Dead Zones Return

It is that time of year again. Dead zones formed between the spring and summer in both the Chesapeake Bay and the Gulf of Mexico. Scientists began studying this phenomenon in the 1970’s and are still trying to control it.

According to NOAA, hypoxic zones are areas in the ocean of such low oxygen concentration that animal life suffocates and dies, and as a result are sometimes called dead zones. The marine life that is mobile and does not die, leave the area and it becomes a biological desert.

Hypoxia is a natural phenomenon that occurs periodically in both fresh and saltwater systems around the world. But what concerns scientists are dead zones created or enhanced by human activity such as those in the Chesapeake Bay and the Gulf of Mexico. There are many factors (physical, chemical and biological) that combine to create dead zones, but its primary cause by humans is nutrient pollution. Nutrients can run off of land from fertilizers used on agricultural fields or in urban areas where lawn fertilizers are used. Pet and wildlife wastes are also sources of nutrients as well as piped wastewater into rivers and coasts that can stimulate an overgrowth of algae which sinks and decomposes in the water.

Earlier this summer scientists were proclaiming that the dead zone in the Chesapeake Bay was the least amount they’d had since starting to monitor it 30 years ago. Unfortunately, there was a resurgence helped by some record setting rain that carried nutrient pollutions like nitrogen and phosphorus off the streets as well as millions of gallons of raw sewage that overloaded storm drains. In the end it was the eighth worst on record.

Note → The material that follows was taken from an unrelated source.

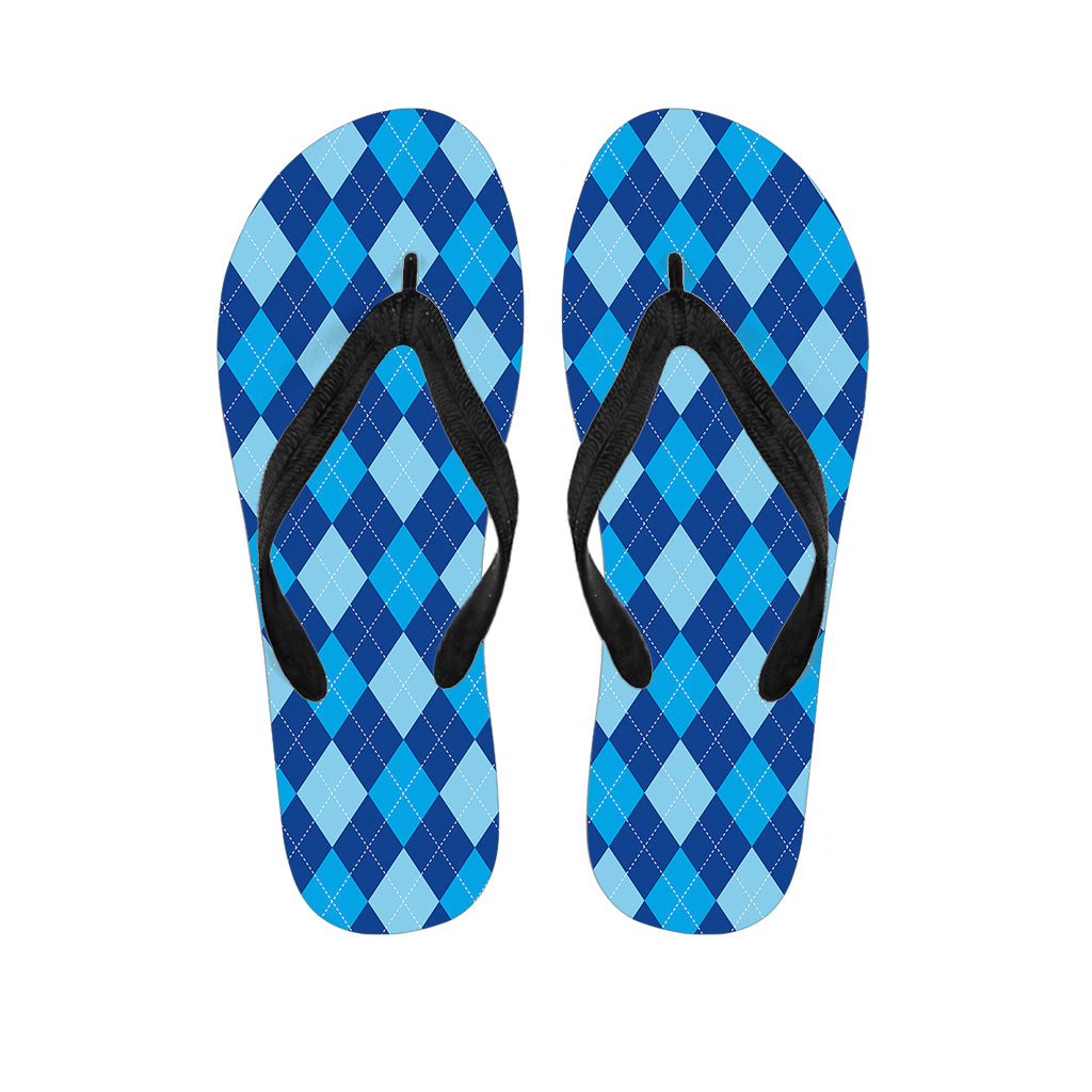 Classic Blue Argyle Pattern Print Flip Flops For Men Women

The Gulf of Mexico dead zone this year is the size of Connecticut. NOAA announced that an annual scientific survey found an area of 5,052 square miles of hypoxia, off much of Louisiana’s coast and part of Texas. While this is slightly smaller than what has been found in earlier years, it likely means that the target goal set by scientists to reduce the zone to 1,900 square miles by 2015 will not be met. The dead zone is formed largely by agriculture fertilizer and wastewater coming down the Mississippi River.

There are over 550 dead zones throughout the world. The largest is in the Baltic Sea and the dead zone in the Gulf of Mexico is the second largest caused by humans. Dead zones have a negative impact on our economy especially for our fishing industry. Estimates by NOAA found that algae blooms in the U.S. effected seafood and tourism to the tune of at least $82 million annually.